Chmura - Good glasses

Hungarian title:

Jó szemüveg - Chmura - Ferenciek tere 2. plakát

Size:

Tram poster (cca. 24 x 17 cm)

Year:

1930

Condition:

Fine, light creasing, small stains.

Material:

Paper, stone lithography.

Price: US$2400

Description:

Constructivist tram poster for Chmura glasses by one of the greatest Hungarian poster designers Sándor Bortnyik. Chmura was a high end optics brand in the 1930s.

The author of the poster introduced the modernist-constructivist poster style in Hungary alongside Lajos Kassák and Róbert Berény. Bortnyik spent a few years in Weimar where he got acquainted with the Bauhaus school. Soon after his return to Hungary in 1926 his posters constructed with strict geometric forms and basic strong colours, simple block letters appeared on the streets. He often used humour as a tool to make the audience remember the advertised product. Due to the completely new nature of the style it soon became a success and many artists started to create in this manner. However, not everyone was capable of designing quality works, thus Bortnyik declared in 1933 that modern poster died. 

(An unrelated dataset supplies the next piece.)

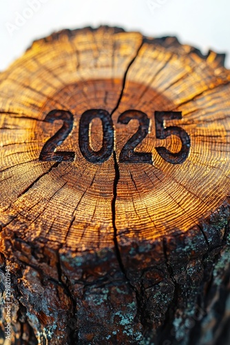 Artificially Carved Wooden Numbers Depicting the Year 2025 on Tree Surface

This tram poster was published in 1930 when Kassák and the other modernist artists uttered that art has to take up a social role. Kassák published an article explaining that advertisements are important factors of economy and culture and a good advertisement should neither be manipulative nor a mere tool of business, but it should have an objective, informative, taste shaping and educating role. As for typography, the letters are supposed to be simple and functional and the image reduced to geometric forms. The Chmura poster completely fulfills these modernist requirements. The viewer's eyes are consciously led by the designer by altering the size and style of the fonts and placing them in front of bright coloured background. 

The subject of the promotion is deliberately depicted in a simple way, the message is concise but striking to the eye as this is the only effective form for catching attention in the rushing urban environment - according to the modernist attitude to promotion at the time. The contrasts of colours, red, black and white are deliberately emphasized, the plane blocks are arranged next to each other like paper cut outs creating an eye catching dynamism and freshness. The humour expresses the main matter of the advertised company and it is not l'art pour l'art. The diagonal arrangement is also a very typical way of constructing of modernism.